Data to process>
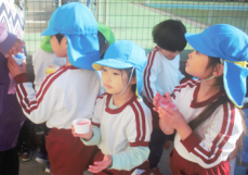 今朝、プールに氷が張っていたので、担任の先生が子供たちのために登園前に取っておいてくれました。年長さんは氷に触ってみました。「冷たい!」と最初はためらっていましたが、カップに氷や絵の具を入れてかき氷づくりを楽しそうにしていました。この時期にしかできない遊びなので機会を逃さず関わって遊べるようにしていきたいと思います。
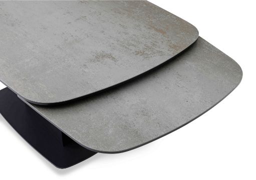 Large Extending Dining Table RRP £1495. 170-250W x 95D x 76H cm. Stunning urban style, superb craftsmanship. Extending dining table with asymmetric base is the ultimate dining room centrepiece. Sleek boat-shaped top in beautiful Spanish ceramic. The ceramic is bonded to tempered glass for extra durability. Ceramic is scratch-resistant, chip-resistant, heat-resistant and so easy to clean. Ergonomic pedestal base makes it easier to seat more guests. Extends easily to seat 10. Extra leaves slide out from the table ends. Ceramic pattern on extension leaves matches the table top, a sign of real quality. See Product on Official Website
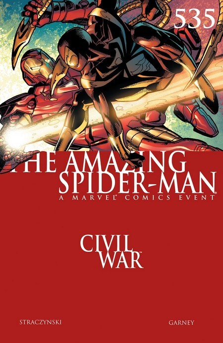 Вот и конец прекрасной дружбе... и начало комиксу Amazing Spider-Man #536. Железный Человек в ярости. “Я тебе доверял! Всячески поддерживал! Такова твоя благодарность?”. Питер же отвечает ударами – но Тони дистанционно отключает его костюм, что Питера обездвиживает. “Я технократ, Питер. Ты же не думаешь, что я выдал бы тебе оружие без предохранителя? В любом случае, ты уже зарегистрирован. Пойдём, поговорим мирно, и я забуду это недоразумение...”. Но оказывается. Человек-Паук знал о “предохранителе” и нашёл способ его взломать. И он заново накидывает Старку люлей, заплетает ему всю башку паутиной и ныряет в ближайший канализационный люк. Но... куда теперь? Некоторое время (и два выпуска минисерии Civil War) спустя Питер наведывается в безопасное место, куда переселились Мэй и ЭмДжей (заброшенную школу, где Питер когда-то сначала учился, затем преподавал), и сообщает, что намерен примкнуть к героям-повстанцам. Не принимая возражений Питера, Мэри Джейн и тётя Мэй утверждают, что не свалят из города и не бросят его. Они убедили Питера принять решение, и они несут за него такую же ответственность. Эм Джей после этого собирается набрать припасов. “ЭмДжей, я сам... – Твоё лицо сейчас всем известно. – А твоё типа нет, мисс супермодель? – (расстёгивая рубашку) Есть способы сделать так, чтобы моё лицо не запомнилось”.
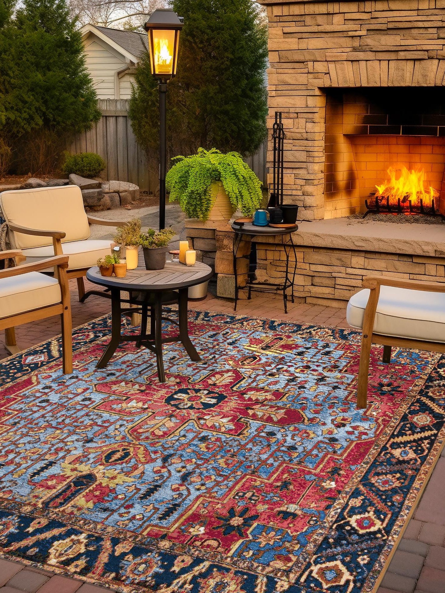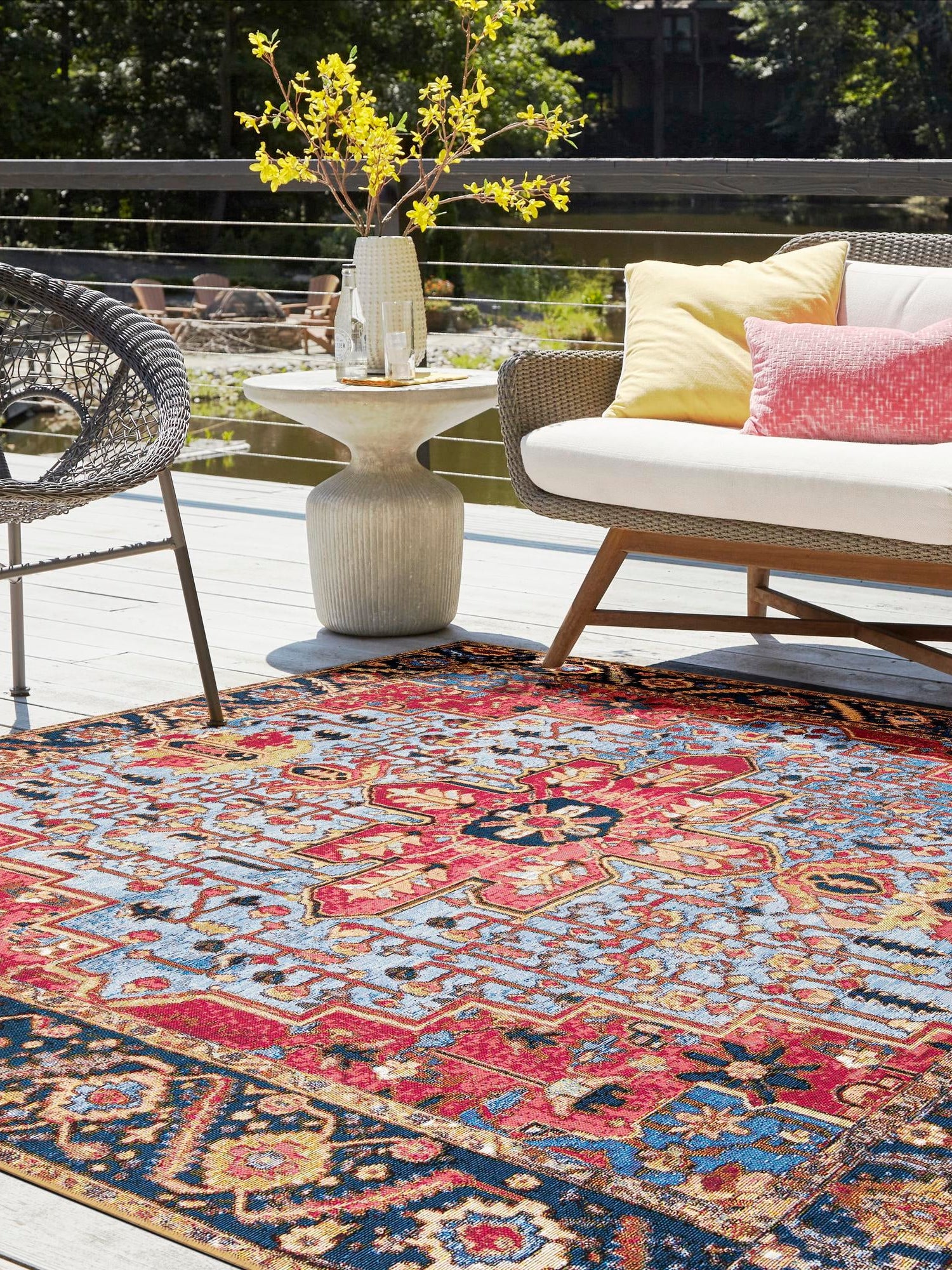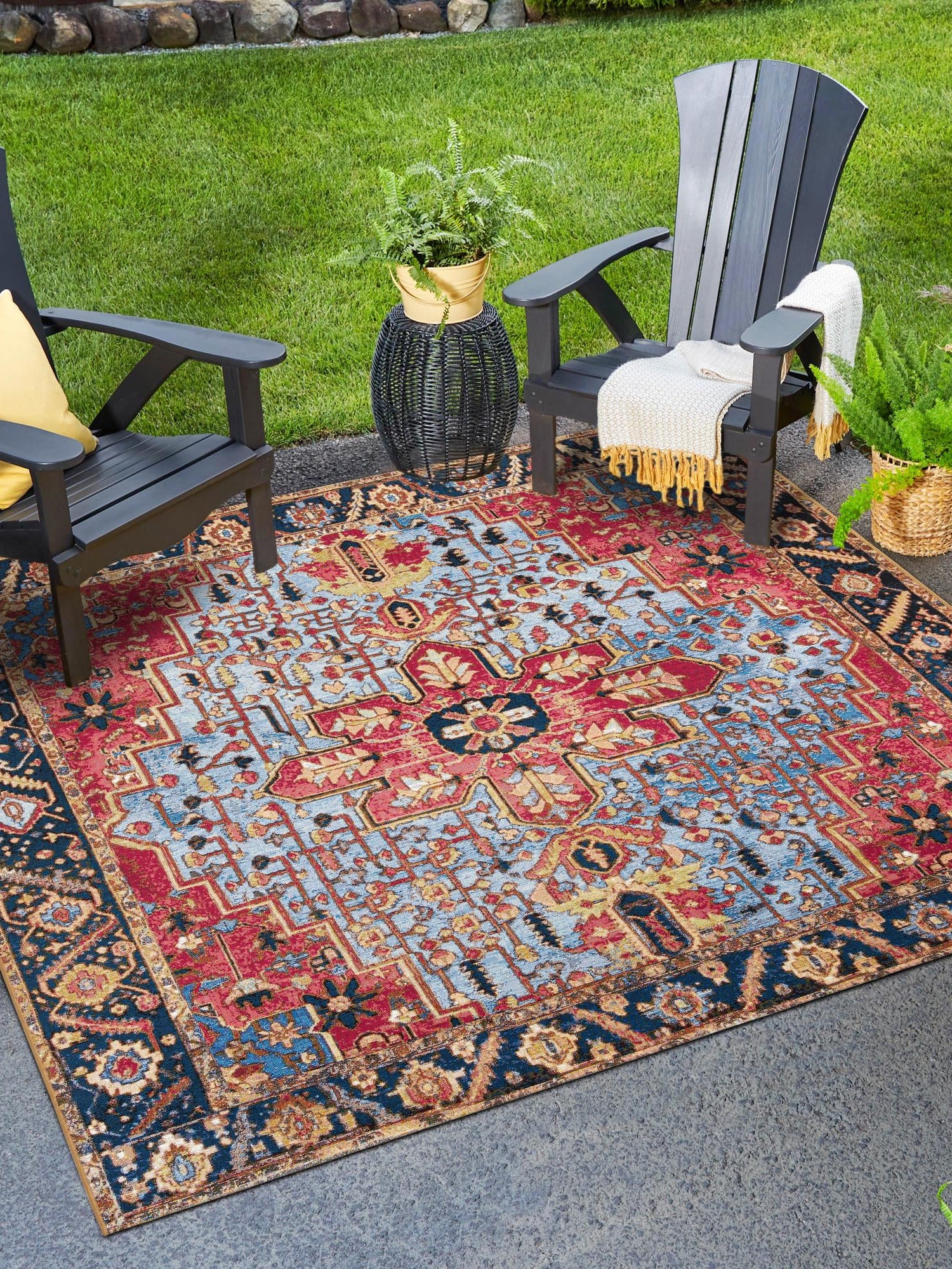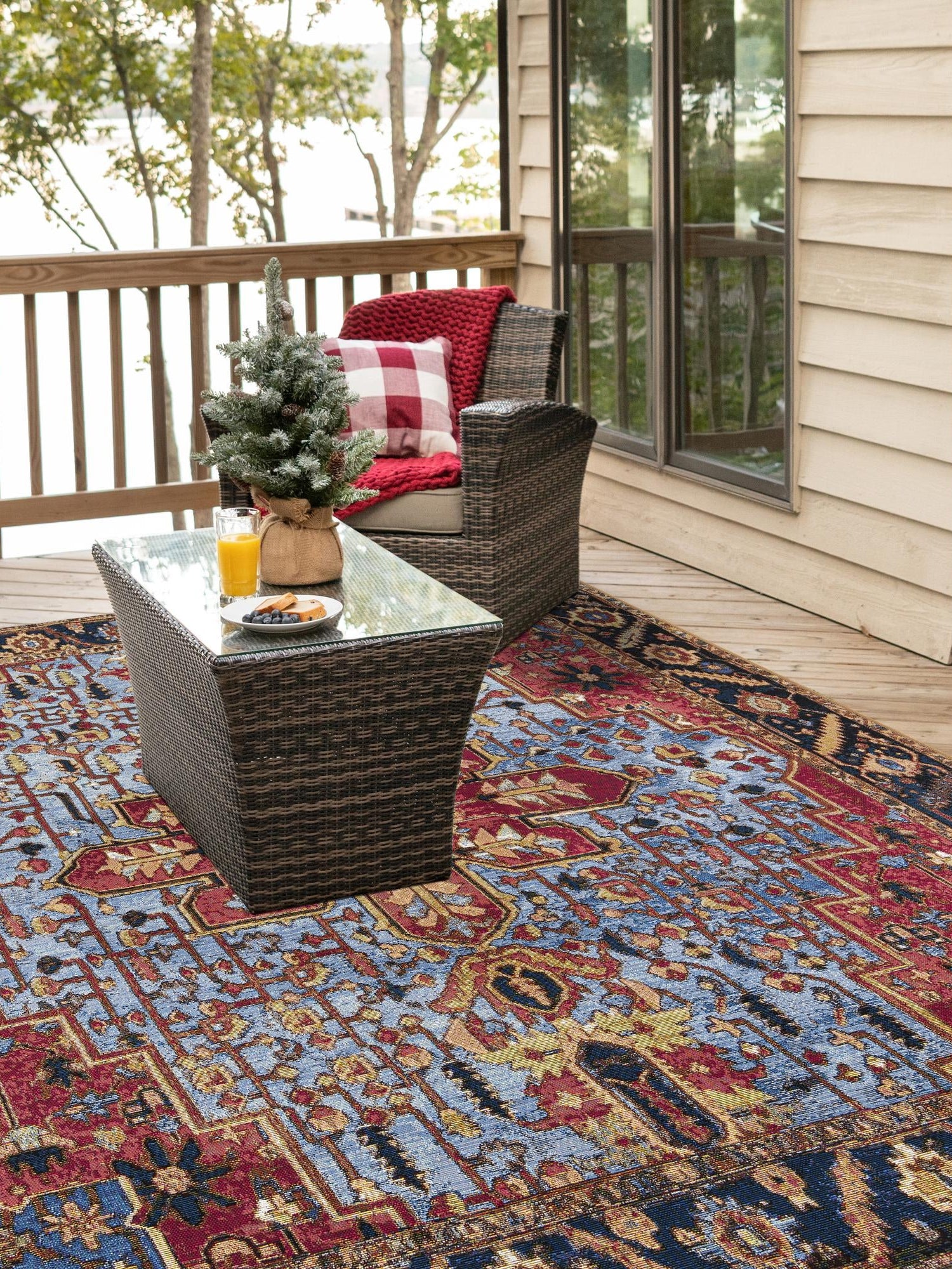 - Beautiful Color Combination: Featuring a stunning rust red and blue palette, this rug adds a splash of color and warmth to your outdoor decor. The traditional design is not only aesthetically pleasing but also complements a variety of outdoor themes and styles. Transform your outdoor area into a welcoming retreat with this eye-catching piece.
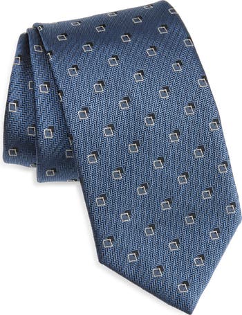 Neat geometric elements bring understated distinction to a tie crafted from Italian silk jacquard to add a polished finish to any formal or semiformal look. This tie pairs well with smoother fabrics, but there's always room for mixing patterns and textures to define your personal style.
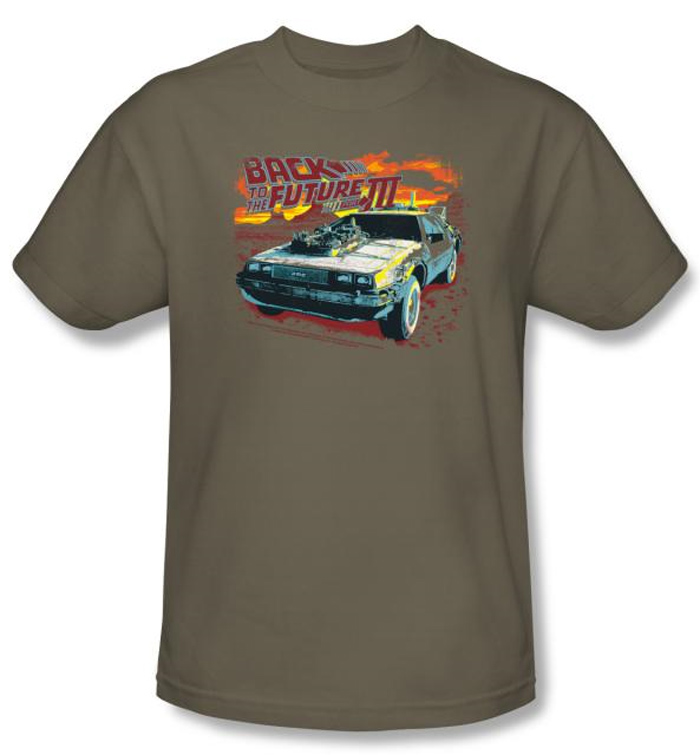 | | Back To The Future III T-shirt Wild West Adult Safari Green Tee ShirtThis Back To The Future III T-shirt Wild West Adult Safari Green Tee Shirt features a full front throttle image of the DeLorean DMC-12 time machine topped with Back to the Future III in deep red while a flaming yellow and red sky serves as backdrop. Our t shirt makes an outstanding gift for any fan capturing essence of the Back to the Future film trilogy directed by Robert Zemeckis where western scenes were filmed on location in Monument Valley some of location shooting for 1885 Hill Valley was done in Jamestown, California and on a purpose-built set at the Red Hills Ranch, near Sonora, California. Available in Small, Medium, Large, XL, 2XL & 3XL Officially Licensed |

Work request> Output nothing but an exact retyping of the material, pictures excluded.

Output of the task>
 今朝、プールに氷が張っていたので、担任の先生が子供たちのために登園前に取っておいてくれました。年長さんは氷に触ってみました。「冷たい!」と最初はためらっていましたが、カップに氷や絵の具を入れてかき氷づくりを楽しそうにしていました。この時期にしかできない遊びなので機会を逃さず関わって遊べるようにしていきたいと思います。
 Large Extending Dining Table RRP £1495. 170-250W x 95D x 76H cm. Stunning urban style, superb craftsmanship. Extending dining table with asymmetric base is the ultimate dining room centrepiece. Sleek boat-shaped top in beautiful Spanish ceramic. The ceramic is bonded to tempered glass for extra durability. Ceramic is scratch-resistant, chip-resistant, heat-resistant and so easy to clean. Ergonomic pedestal base makes it easier to seat more guests. Extends easily to seat 10. Extra leaves slide out from the table ends. Ceramic pattern on extension leaves matches the table top, a sign of real quality. See Product on Official Website
 Вот и конец прекрасной дружбе... и начало комиксу Amazing Spider-Man #536. Железный Человек в ярости. “Я тебе доверял! Всячески поддерживал! Такова твоя благодарность?”. Питер же отвечает ударами – но Тони дистанционно отключает его костюм, что Питера обездвиживает. “Я технократ, Питер. Ты же не думаешь, что я выдал бы тебе оружие без предохранителя? В любом случае, ты уже зарегистрирован. Пойдём, поговорим мирно, и я забуду это недоразумение...”. Но оказывается. Человек-Паук знал о “предохранителе” и нашёл способ его взломать. И он заново накидывает Старку люлей, заплетает ему всю башку паутиной и ныряет в ближайший канализационный люк. Но... куда теперь? Некоторое время (и два выпуска минисерии Civil War) спустя Питер наведывается в безопасное место, куда переселились Мэй и ЭмДжей (заброшенную школу, где Питер когда-то сначала учился, затем преподавал), и сообщает, что намерен примкнуть к героям-повстанцам. Не принимая возражений Питера, Мэри Джейн и тётя Мэй утверждают, что не свалят из города и не бросят его. Они убедили Питера принять решение, и они несут за него такую же ответственность. Эм Джей после этого собирается набрать припасов. “ЭмДжей, я сам... – Твоё лицо сейчас всем известно. – А твоё типа нет, мисс супермодель? – (расстёгивая рубашку) Есть способы сделать так, чтобы моё лицо не запомнилось”.
 - Beautiful Color Combination: Featuring a stunning rust red and blue palette, this rug adds a splash of color and warmth to your outdoor decor. The traditional design is not only aesthetically pleasing but also complements a variety of outdoor themes and styles. Transform your outdoor area into a welcoming retreat with this eye-catching piece.
 Neat geometric elements bring understated distinction to a tie crafted from Italian silk jacquard to add a polished finish to any formal or semiformal look. This tie pairs well with smoother fabrics, but there's always room for mixing patterns and textures to define your personal style.
 | | Back To The Future III T-shirt Wild West Adult Safari Green Tee ShirtThis Back To The Future III T-shirt Wild West Adult Safari Green Tee Shirt features a full front throttle image of the DeLorean DMC-12 time machine topped with Back to the Future III in deep red while a flaming yellow and red sky serves as backdrop. Our t shirt makes an outstanding gift for any fan capturing essence of the Back to the Future film trilogy directed by Robert Zemeckis where western scenes were filmed on location in Monument Valley some of location shooting for 1885 Hill Valley was done in Jamestown, California and on a purpose-built set at the Red Hills Ranch, near Sonora, California. Available in Small, Medium, Large, XL, 2XL & 3XL Officially Licensed |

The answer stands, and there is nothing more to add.